After an hour of silence, Guy said, ‘Frank, I love one woman, but feel it is my duty to marry another … who is also a very attractive, and good, lady. What should I do? Or should I not marry at all? I’m the Butcher, remember.’
Frank’s face showed his startled astonishment. The colonel was years younger than himself, but he was the colonel. He himself had told the colonel of Anne’s unfaithfulness, but … this was different. He said at last, cautiously, ‘I suppose one is Lady Jarrow, sir.’

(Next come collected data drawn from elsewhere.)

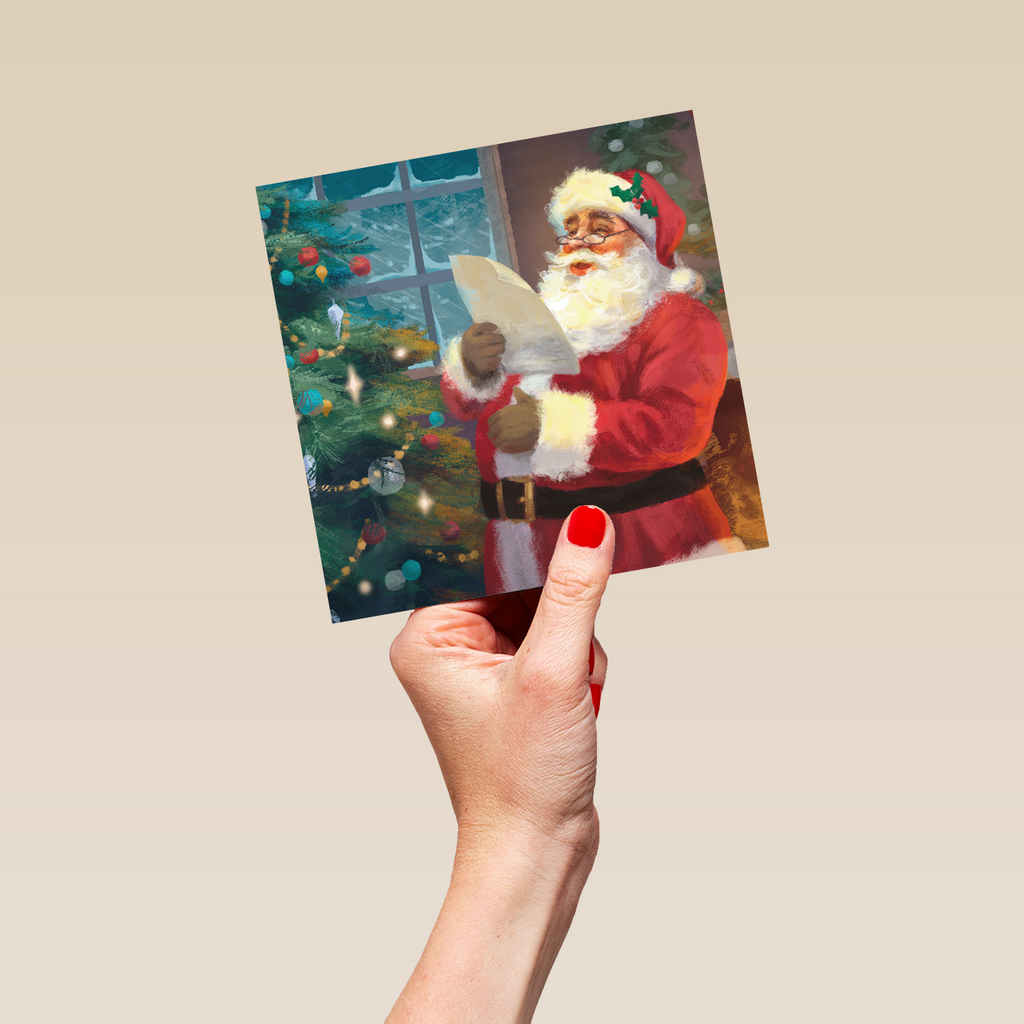 Show them you care with a personalised traditional Christmas Santa & tree letter card from Hallmark. Our greetings cards are printed on premium quality, FSC®-certified card & delivered nationwide. This card is available as standard 12cm by 12cm and large 15cm by 15cm.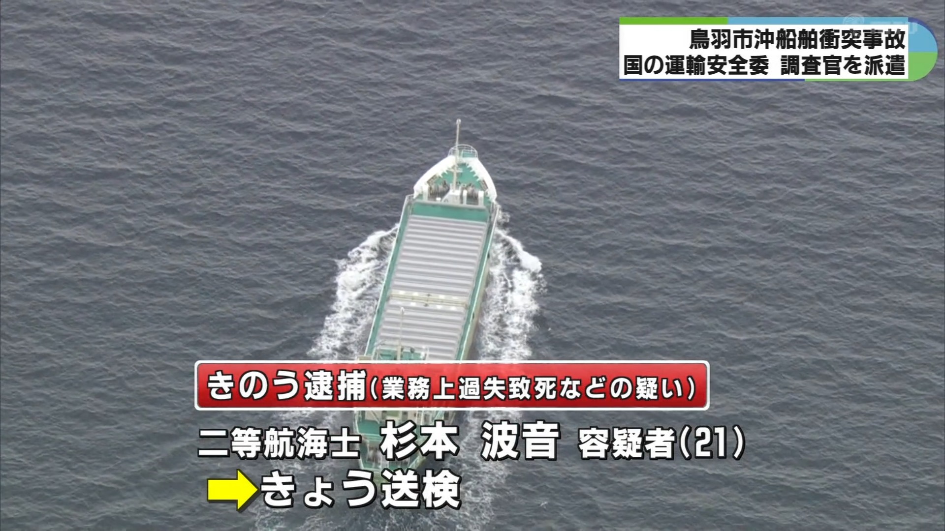 鳥羽海上保安部は21日、業務上過失致死と業務上過失往来危険の疑いで、貨物船を操船していた二等航海士の杉本波音容疑者(21)を逮捕。22日、津地方検察庁に身柄を送りました。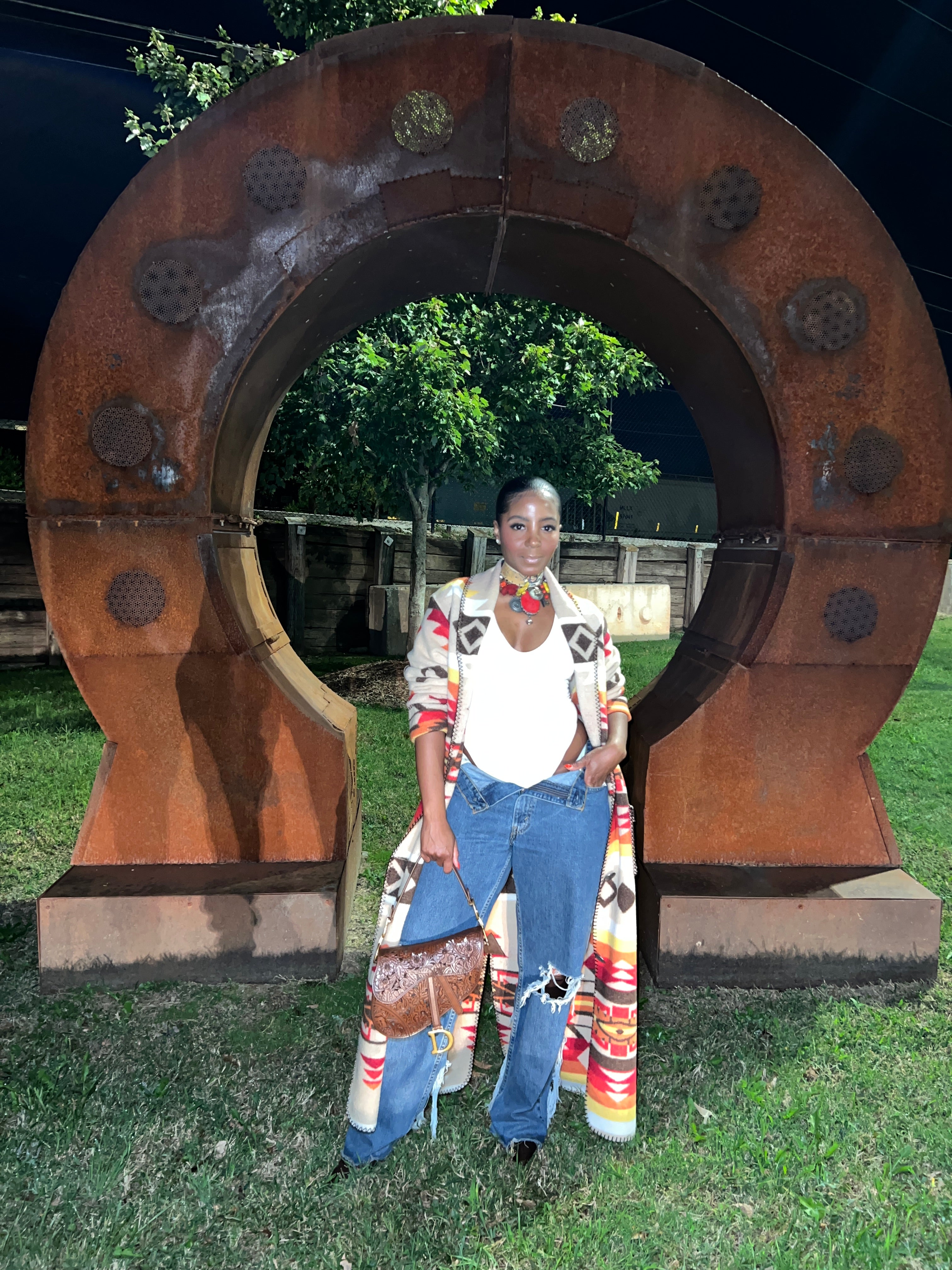 Styled with a statement belt and distressed jeans, this piece embodies an effortless, bohemian elegance with a modern twist.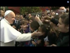 El papa Francisco, de visita a Tor Bella Monaca, saluda a los discapacitados, la Escuela de la Paz y a los ancianos de Sant’Egidio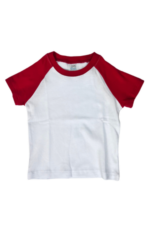 These Raglans are short sleeve and available in Green and Red only.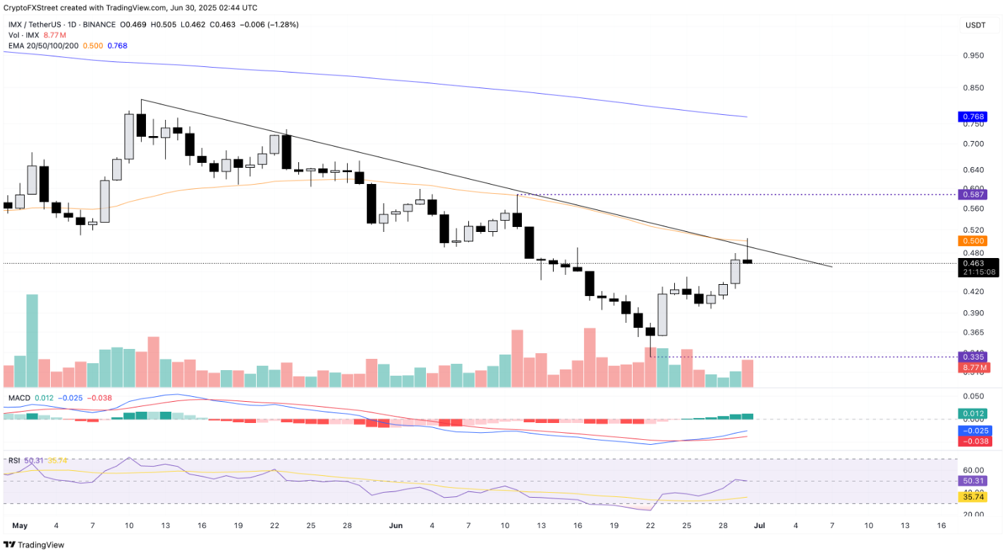Якщо IMX зможе успішно закритися вище цієї трендової лінії та 50-денного EMA, це буде сильним сигналом до прориву і може призвести до досягнення місячного максимуму в 0.58 доларів.

Guy nodded, ‘Just as the Daily Mail trumpets. I’ve known her since we were children. I’ve always loved her, too, I realise now, though there has always been so much affection, as well, that I didn’t know it until recently. But am I the right man for her, even if she’d have me? She likes the theatre … society, Ascot, the London season … all the things she didn’t have as a child, but thought she was entitled to for being beautiful.’
Frank said, ‘Why, sir, you could give her all those, with what you’ve done.’
‘I know,’ Guy said, his mouth grim, ‘but I don’t like any of it … The other lady is Maria von Rackow, Werner’s widow, … and her baby. She had a boy on the 20th of May – and is calling it Guy.’
‘But you don’t – er – love her?’ Frank asked. ‘You can’t have seen very much of her, can you?’
Guy said, ‘No, but isn’t it my duty? I am Werner’s reincarnation, as well as his executioner.’
‘I don’t think any man should marry for a sense of duty, sir,’ Frank said energetically. ‘Except p’raps those blokes that get girls in the family way. But even then, it’s not the right way to start off, is it?’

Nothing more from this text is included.